When I am reading the book the numbers are spit out so easily but I am just curious of how are those numbers are brought up? Yes I know this is all part of the "analyzing and figuring it out" but I am just looking on some type of direction to start moving so I can practice analyzing deals. I would like to spend an hour a day just practicing and coming up with numbers and figuring out CoCROI.

Do clarify exactly my target market I am interested in Analyzing small multi-family (NJ) homes possibly a duplex since its my first investment and I am trying to gain much experience as I can.
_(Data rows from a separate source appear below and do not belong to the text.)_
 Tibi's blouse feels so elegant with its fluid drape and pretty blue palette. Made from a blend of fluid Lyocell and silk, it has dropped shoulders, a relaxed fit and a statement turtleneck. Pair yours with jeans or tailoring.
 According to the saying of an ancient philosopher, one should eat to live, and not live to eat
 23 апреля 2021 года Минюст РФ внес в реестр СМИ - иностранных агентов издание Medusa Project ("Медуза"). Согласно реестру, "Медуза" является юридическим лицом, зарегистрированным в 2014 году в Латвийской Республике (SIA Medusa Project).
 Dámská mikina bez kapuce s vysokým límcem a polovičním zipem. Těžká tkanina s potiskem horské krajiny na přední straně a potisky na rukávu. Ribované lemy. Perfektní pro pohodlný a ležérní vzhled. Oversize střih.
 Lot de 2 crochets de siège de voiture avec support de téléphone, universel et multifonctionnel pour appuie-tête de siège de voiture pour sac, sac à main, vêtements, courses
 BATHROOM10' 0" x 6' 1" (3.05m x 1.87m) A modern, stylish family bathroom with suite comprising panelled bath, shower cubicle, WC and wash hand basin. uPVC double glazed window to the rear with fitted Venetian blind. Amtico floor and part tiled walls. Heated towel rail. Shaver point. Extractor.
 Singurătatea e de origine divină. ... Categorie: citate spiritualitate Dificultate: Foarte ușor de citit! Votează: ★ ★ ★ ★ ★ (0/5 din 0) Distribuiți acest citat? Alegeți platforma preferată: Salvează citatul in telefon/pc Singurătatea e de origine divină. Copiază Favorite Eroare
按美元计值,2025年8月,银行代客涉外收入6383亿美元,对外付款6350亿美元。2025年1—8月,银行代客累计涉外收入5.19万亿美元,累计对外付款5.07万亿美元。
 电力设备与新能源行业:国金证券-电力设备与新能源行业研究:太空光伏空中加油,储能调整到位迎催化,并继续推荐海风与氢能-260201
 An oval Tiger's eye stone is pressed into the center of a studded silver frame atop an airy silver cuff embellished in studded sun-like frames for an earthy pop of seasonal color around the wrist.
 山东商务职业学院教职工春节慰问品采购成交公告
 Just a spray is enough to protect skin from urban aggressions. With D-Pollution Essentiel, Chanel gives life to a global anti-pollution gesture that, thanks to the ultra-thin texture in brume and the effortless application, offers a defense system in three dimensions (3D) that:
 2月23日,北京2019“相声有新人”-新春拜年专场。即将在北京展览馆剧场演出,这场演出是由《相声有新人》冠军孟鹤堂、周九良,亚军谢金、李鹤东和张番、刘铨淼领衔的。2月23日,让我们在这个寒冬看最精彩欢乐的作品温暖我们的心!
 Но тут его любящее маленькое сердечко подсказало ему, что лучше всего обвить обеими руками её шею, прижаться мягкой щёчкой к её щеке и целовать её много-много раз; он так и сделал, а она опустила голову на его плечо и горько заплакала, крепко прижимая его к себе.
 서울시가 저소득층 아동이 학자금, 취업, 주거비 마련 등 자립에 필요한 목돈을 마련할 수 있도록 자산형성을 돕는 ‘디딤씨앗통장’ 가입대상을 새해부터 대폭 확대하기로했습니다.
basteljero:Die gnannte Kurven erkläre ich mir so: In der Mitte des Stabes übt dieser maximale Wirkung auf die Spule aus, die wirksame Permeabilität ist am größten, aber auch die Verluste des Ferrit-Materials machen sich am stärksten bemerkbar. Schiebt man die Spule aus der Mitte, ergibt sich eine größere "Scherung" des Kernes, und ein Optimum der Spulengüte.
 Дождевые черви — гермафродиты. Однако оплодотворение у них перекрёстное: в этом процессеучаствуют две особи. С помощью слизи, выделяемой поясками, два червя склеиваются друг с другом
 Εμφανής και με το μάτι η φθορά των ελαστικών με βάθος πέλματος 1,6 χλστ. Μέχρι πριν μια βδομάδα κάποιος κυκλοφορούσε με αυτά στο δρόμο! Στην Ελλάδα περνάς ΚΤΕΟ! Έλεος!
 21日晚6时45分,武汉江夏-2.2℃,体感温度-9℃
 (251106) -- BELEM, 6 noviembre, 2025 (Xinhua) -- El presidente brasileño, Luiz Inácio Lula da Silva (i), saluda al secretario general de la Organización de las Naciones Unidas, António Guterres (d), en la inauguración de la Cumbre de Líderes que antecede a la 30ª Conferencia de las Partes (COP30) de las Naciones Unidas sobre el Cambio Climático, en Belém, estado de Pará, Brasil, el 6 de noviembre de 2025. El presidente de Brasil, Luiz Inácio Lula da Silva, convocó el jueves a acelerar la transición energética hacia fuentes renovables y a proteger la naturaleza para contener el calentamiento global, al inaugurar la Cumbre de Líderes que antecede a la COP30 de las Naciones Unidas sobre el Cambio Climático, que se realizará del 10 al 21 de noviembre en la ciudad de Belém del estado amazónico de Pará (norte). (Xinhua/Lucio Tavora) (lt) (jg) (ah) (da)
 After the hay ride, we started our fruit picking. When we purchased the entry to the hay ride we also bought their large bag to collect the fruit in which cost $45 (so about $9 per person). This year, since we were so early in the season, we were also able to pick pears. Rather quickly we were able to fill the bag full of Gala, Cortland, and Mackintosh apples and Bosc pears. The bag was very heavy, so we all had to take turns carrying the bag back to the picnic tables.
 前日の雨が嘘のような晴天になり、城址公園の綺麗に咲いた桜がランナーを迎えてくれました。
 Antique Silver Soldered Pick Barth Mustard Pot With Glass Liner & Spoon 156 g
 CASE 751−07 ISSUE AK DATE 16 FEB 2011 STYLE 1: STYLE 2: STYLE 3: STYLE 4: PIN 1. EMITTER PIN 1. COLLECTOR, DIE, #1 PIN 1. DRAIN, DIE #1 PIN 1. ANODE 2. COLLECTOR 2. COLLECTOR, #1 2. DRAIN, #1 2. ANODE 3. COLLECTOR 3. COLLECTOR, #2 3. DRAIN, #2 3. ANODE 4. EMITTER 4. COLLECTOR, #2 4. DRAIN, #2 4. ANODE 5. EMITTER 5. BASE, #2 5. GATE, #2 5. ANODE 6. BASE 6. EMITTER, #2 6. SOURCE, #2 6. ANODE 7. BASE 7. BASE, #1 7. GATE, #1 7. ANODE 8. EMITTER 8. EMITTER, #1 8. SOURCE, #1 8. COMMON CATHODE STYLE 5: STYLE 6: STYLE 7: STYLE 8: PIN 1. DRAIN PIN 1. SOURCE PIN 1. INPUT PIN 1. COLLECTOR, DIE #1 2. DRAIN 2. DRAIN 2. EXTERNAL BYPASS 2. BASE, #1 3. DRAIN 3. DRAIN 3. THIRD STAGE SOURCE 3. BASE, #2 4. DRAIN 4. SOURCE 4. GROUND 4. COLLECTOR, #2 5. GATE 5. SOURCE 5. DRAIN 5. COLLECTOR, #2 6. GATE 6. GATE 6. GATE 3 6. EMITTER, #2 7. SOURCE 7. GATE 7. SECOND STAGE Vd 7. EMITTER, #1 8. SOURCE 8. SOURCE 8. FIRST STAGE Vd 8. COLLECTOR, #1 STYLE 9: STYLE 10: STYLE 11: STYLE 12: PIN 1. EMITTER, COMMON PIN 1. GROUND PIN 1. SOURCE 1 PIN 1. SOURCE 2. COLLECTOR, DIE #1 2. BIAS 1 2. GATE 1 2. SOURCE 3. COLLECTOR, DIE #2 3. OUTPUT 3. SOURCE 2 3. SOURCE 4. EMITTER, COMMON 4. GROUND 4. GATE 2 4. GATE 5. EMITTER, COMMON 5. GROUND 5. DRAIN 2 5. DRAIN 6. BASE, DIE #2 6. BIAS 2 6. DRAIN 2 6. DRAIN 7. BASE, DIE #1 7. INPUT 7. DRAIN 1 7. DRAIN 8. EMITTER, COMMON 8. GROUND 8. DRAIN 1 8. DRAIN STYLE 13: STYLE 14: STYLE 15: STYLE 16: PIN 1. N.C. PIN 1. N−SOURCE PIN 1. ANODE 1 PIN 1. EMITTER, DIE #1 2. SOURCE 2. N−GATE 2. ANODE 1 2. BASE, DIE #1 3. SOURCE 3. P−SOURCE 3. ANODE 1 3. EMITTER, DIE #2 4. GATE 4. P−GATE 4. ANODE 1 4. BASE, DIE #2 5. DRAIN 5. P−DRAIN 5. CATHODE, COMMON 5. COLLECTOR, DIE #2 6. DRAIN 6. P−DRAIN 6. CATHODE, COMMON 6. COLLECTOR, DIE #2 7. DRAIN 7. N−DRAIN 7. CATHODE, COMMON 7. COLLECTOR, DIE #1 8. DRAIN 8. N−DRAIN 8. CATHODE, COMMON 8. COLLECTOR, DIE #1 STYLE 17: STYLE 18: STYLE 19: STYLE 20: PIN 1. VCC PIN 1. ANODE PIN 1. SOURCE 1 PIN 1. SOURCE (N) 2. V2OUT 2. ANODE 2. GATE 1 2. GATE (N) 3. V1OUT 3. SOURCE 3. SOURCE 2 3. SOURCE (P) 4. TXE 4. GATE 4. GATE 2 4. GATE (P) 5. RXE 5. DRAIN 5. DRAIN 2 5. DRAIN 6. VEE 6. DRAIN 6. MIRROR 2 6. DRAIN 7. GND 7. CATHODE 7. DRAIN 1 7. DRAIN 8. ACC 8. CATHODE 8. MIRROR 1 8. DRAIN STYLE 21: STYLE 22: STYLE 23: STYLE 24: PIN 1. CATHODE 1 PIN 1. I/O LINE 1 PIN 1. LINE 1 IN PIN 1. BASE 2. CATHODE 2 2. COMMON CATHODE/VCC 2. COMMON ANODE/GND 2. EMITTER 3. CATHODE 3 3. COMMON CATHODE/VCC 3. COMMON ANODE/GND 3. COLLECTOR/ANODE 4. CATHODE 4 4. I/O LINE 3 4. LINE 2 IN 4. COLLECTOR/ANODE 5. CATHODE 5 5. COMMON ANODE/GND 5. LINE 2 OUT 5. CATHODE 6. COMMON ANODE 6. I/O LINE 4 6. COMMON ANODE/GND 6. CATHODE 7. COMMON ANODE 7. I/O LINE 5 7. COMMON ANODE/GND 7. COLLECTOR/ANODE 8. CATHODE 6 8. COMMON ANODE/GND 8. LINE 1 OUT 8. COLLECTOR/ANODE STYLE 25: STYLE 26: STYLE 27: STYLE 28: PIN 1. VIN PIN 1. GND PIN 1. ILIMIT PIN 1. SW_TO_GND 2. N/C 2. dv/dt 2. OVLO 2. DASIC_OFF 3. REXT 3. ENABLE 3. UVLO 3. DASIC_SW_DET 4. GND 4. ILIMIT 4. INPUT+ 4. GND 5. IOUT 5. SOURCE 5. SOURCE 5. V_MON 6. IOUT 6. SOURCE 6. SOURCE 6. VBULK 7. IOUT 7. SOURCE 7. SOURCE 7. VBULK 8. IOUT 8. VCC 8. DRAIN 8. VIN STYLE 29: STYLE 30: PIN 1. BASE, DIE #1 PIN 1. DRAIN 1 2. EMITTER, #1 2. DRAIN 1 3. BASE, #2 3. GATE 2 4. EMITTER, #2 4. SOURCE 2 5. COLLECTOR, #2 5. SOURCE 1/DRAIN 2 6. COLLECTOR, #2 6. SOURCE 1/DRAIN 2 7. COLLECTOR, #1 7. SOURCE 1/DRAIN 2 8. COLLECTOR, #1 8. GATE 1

Also correct me if I am wrong going about analyzing a down payment. 

Thanks so much guys!

Post: Help with syndication

Paul D.Posted
  • New to Real Estate
  • New Jersey
  • Posts 34
  • Votes 4

Wow! You guys are awesome. This thread helps out so much and clarifies a lot for me.  @Roy N.  you are exactly right. Im sorry for posting the wrong terminology, but yes PRIVATE FINANCING is more what I'm looking to get into. I do not want to go commercial with my first investment. I want small multi-family (2-4) and was thinking how I can get some people that I know involved and make sure I give them a fair return and how I would go about doing that. 

     Also figuring numbers out and putting that into my calculation as I am looking into deals. Im trying to overcome this fear I have read so many books and I want to start taking paths of action. Thank you guys once again I appreciate this so much I wish everyone the best of luck. I admire everyone who is involved with real estate and hope to be able to be involved and share my story and experience as well. 

Also thank you @Alina Trigub and @Steeve Breton

@Brian Adams thanks for your suggestion I checked out your podcast today on way to work. Inspiration!